Mehmed went to the north on 15 October and made his camp at Kelenföld. General Russwurm crossed the river to the Buda side on 20 October at Szentendre but Lala Mehmed hasn’t accepted to hold a battle against him. After this, Russwurm has moved away with his entire army from Buda on 6 November.

General Christoph Russwurm

As the weather was getting colder, the Imperials had no more chance to besiege Buda and they were also running out of food. At the same time, Buda was guarded by a strong garrison. At least, the Christians were able to attack the Castle of Hatvan while retreating home in the middle of November. 

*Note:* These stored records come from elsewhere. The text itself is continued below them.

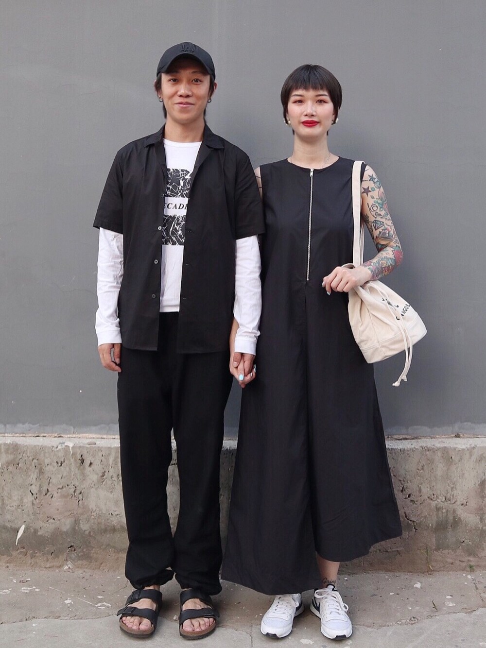 九号情侣 _ Look 24 整体以黑色为主色调 用白色作为点缀 整体风格休闲且不失时尚感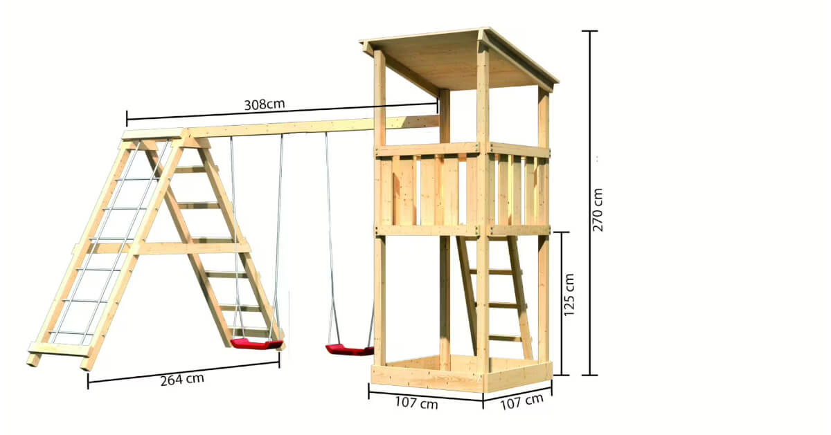 Achtung: Mit Schaukelanbau oder Kletterwand nicht für Kinder unter drei Jahren geeignet.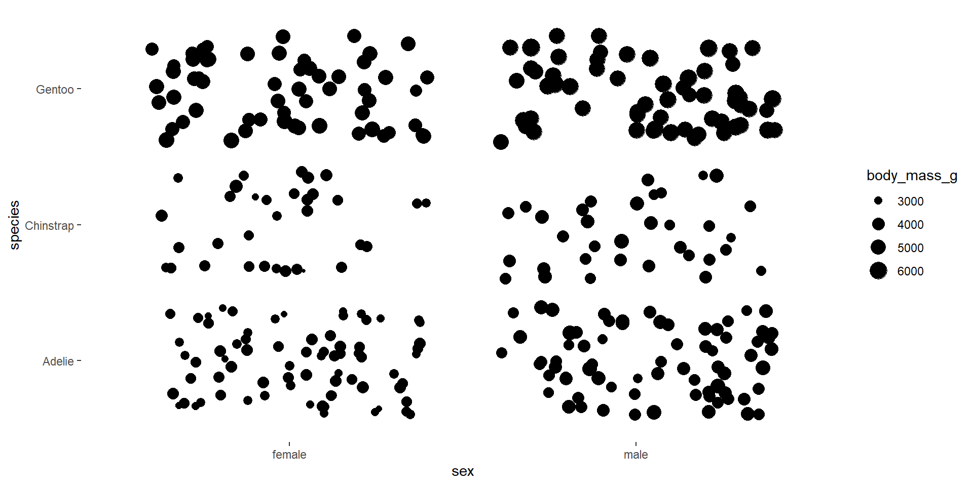 x and y for positioncolor and fill for color scalealpha for opacitysize for sizeSize is much worse than position for showing continuous data!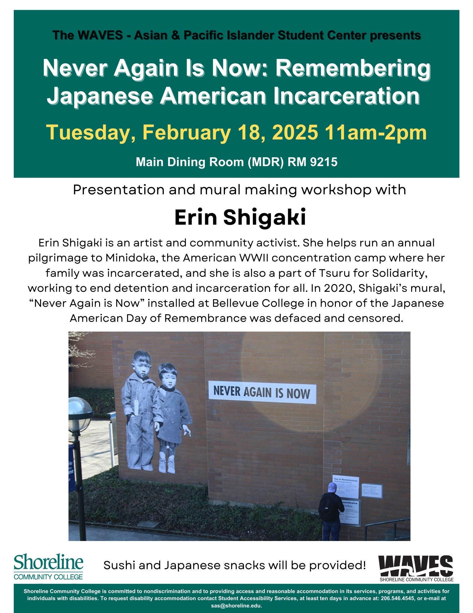Please join us in commemorating the Japanese American Day of Remembrance with local artist and community activist Erin Shigaki. Shigaki will deliver a presentation titled, Never Again Is Now: Remembering Japanese American Incarceration and lead a mural-making workshop. Sushi and Japanese snacks will be provided!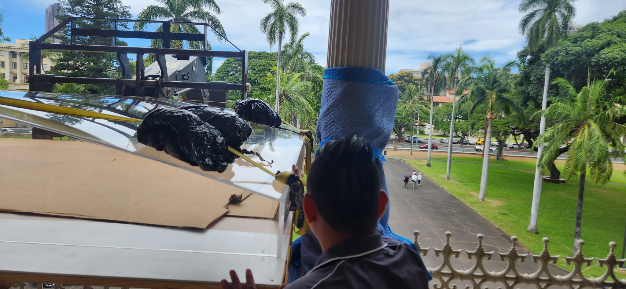 The display case was manufactured entirely in-house, including fabrication, assembly, polishing, and finishing. Once complete, the case was wrapped, transported, and delivered to ʻIolani Palace for installation.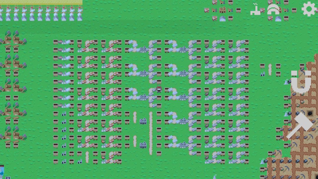 然后就是冶炼阶段了 为了整齐 我最开始的冶炼阵型真的是搞得我累死了,这边是我前期冶炼阵型真的是超级伤 但是比较好辨认这边是在冶炼什么矿源基本上一排铁一排铜不够就继续加,然后就是三本最后的大活。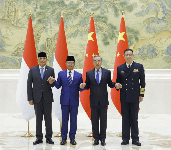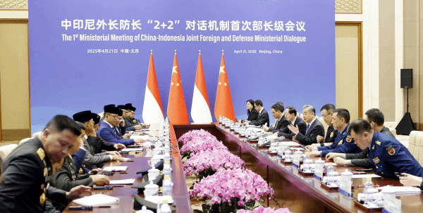2025年4月21日,中共中央政治局委员、外交部长王毅和国防部长董军与印尼外长苏吉约诺、防长沙夫里共同主持中印尼外长防长“2+2”对话机制首次会议。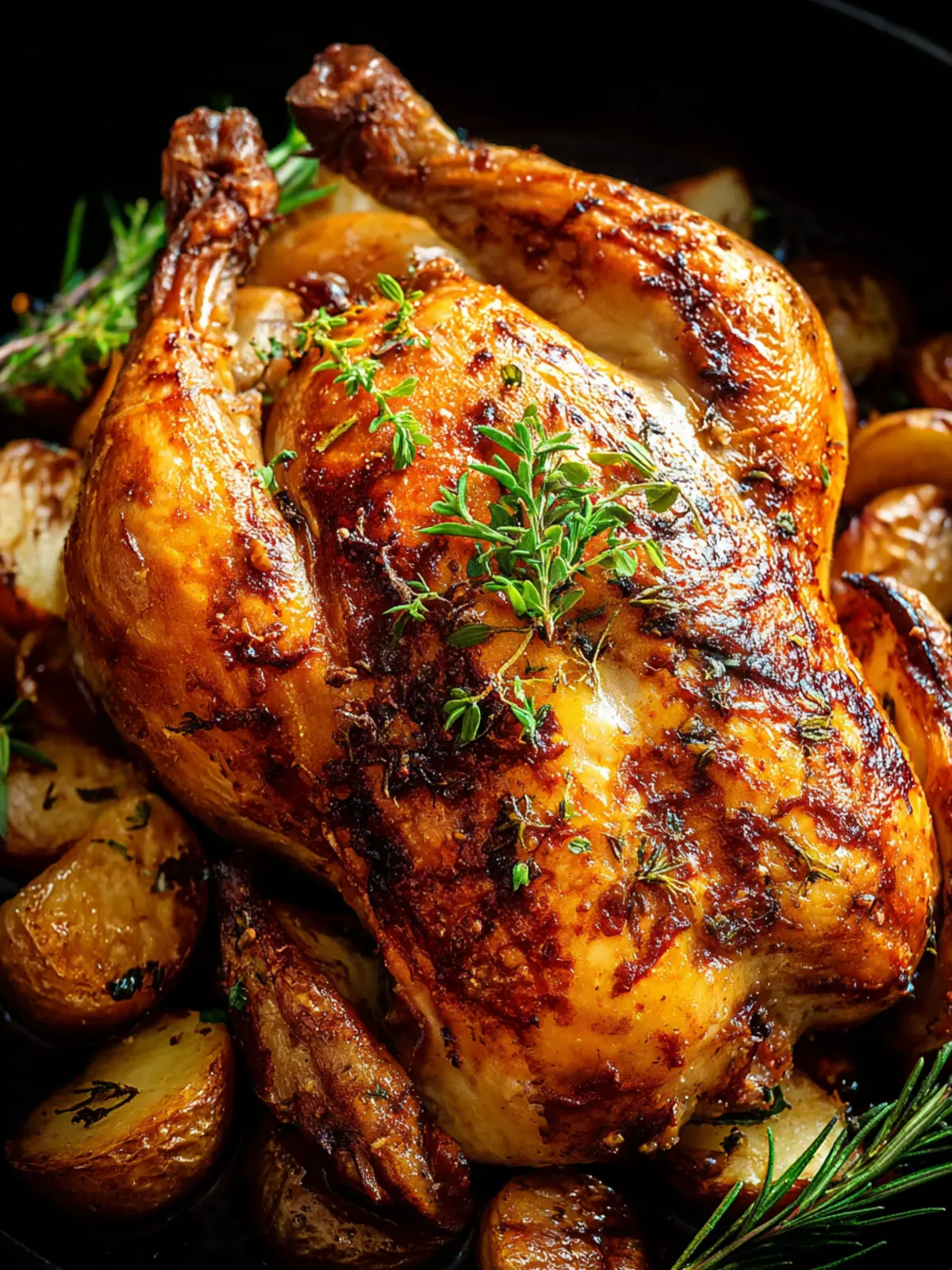 - Rub olive oil all over the chicken and season generously with salt, pepper, rosemary, and thyme.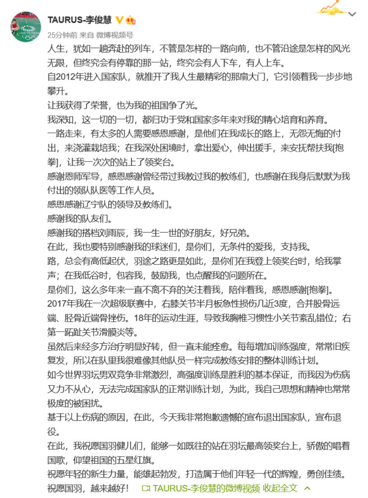 在宣布退役的同时,李俊慧感谢了国家的培养,以及一路以来帮助、栽培过他教练、工作人员、队友和球迷。他还表达了对老搭档刘雨辰的感激,以及对国羽年轻一代和队伍未来的期待。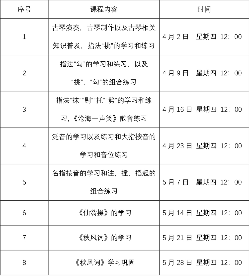 本课程为连续性入门课程,完整参与方能初步掌握古琴基础技艺与文化内涵。我们期待每一位报名的同学,都能在七弦之间,遇见沉静的自己,收获一段难忘的千年琴韵之旅~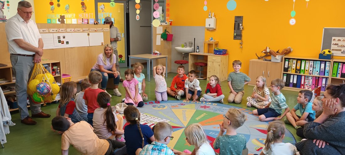 Auf Kennenlern-Tour durch die Kitas der Hohen Börde hat sich Gemeindebürgermeister Andreas Burger begeben. Bis auf den noch ausstehenden Besuch der Wellener Kita „Kleeblatt“ hat der Bürgermeister seit dem Frühjahr alle Kitas und Horte in kommunaler und privater Trägerschaft besucht, um sich ein persönliches Bild von Kinderbetreuungseinrichtungen, deren Ausstattung und Herausforderungen zu machen.
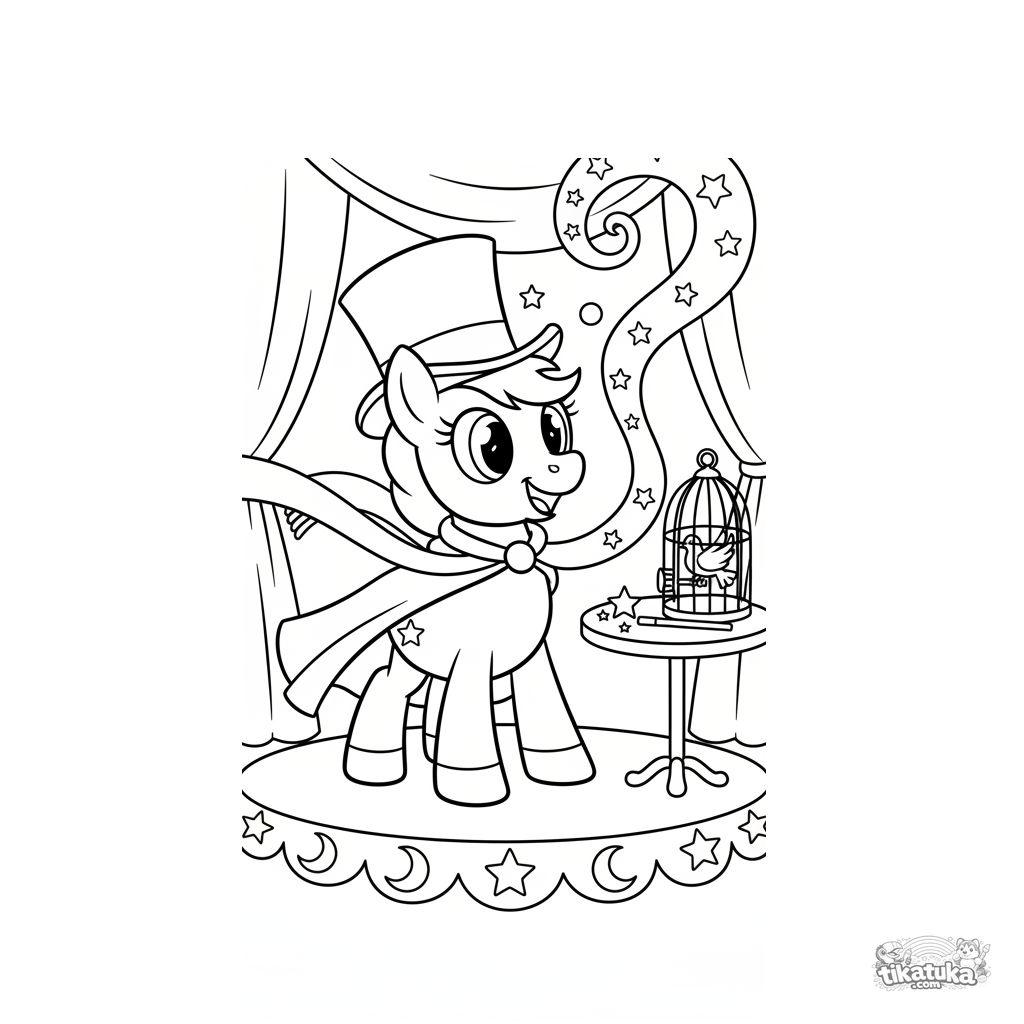 Lustiges Ausmalbild für Kinder 4-6 Jahre: Ein Zauberer-Pony zieht ein endloses Tuch aus einem Hut auf der Bühne. Heller Retro-Stil, einfache Formen.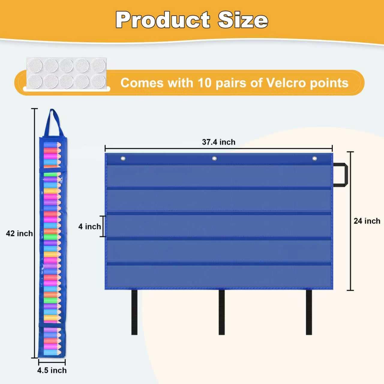 Correct Dimension: Our Storage Pocket Chart have correct dimension, approx. 42 x 24 inches, size together with handles, with 5 clear storage pockets (36 x 4 inches), The collapsible design folds right down to 42 inches x 4.5 inches for compact storage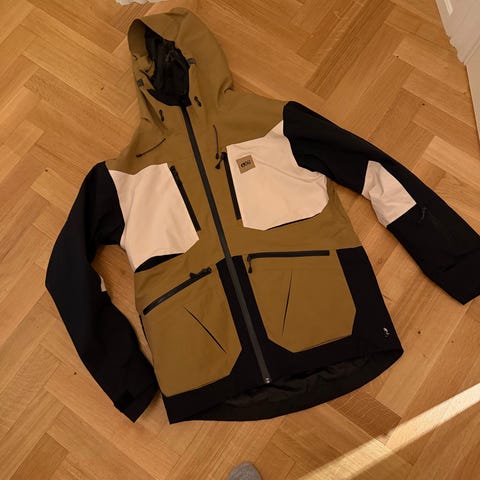 Master jakke i størrelse 38. Jakken er fremstillet i 100 % polyester og er rød med mørkt inderfor. Aftagelig hætte og flere lynlåslommer.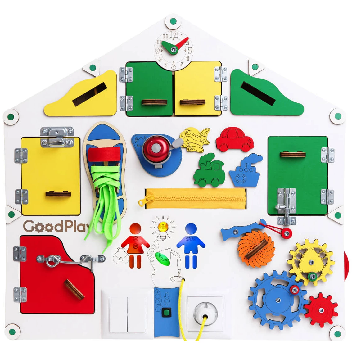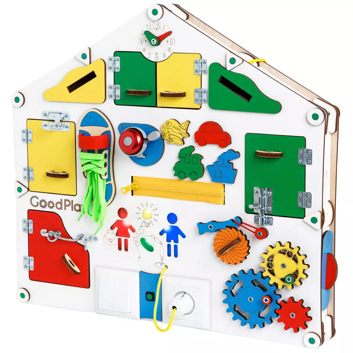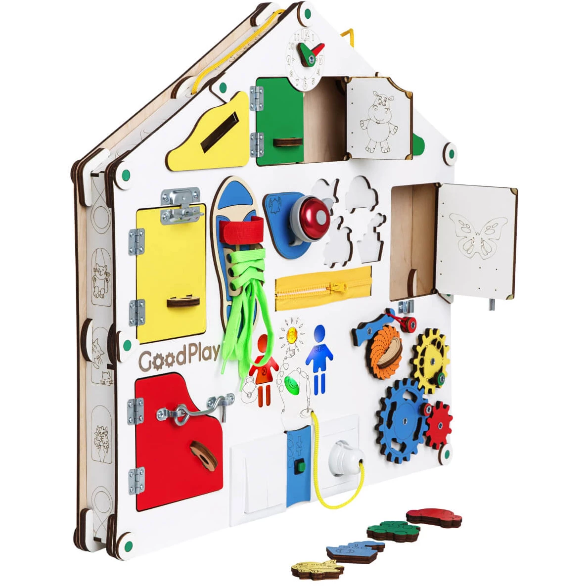 Розвиваюча дошка і зручний ігровий центр. Бізідошка не займає багато місця, її можна прикріпити до стіни.

The taking of Hatvan castle

Hatvan castle in 1596

Despite the failure at Buda, Russwurm wanted to show up a success so he turned towards the not too strong Castle of Hatvan which was not far away from there. My remark: “Hatvan” means “sixty” in the Hungarian language and interestingly, it is exactly 60 kilometers from Buda. Here is more about Hatvan castle:

Russwurm sent his vanguard to Hatvan on 12 November, it was led by the generals Nádasdy Ferenc, Sulz, and Strasoldo. He also stroke camps at Buda on 15 November and went to Hatvan. The siege of the castle took place between 16-19 November and the defenders surrendered it after the three-day-long bombardment. Russwurm left behind 400 men in its garrison then he went to his wintering area with his army. It happened on 19 November 1603 that the city of Hatvan surrendered to the Christian forces but it was no compensation for the failure suffered at Buda. 

Nádasdy Ferenc

As for Lord Nádasdy Ferenc, it was his last campaign. He was already sick when he returned from Hatvan to his Castle of Sárvár. He died there on 4 January 1604 and it was a serious loss to the Hungarian and the Imperial army alike.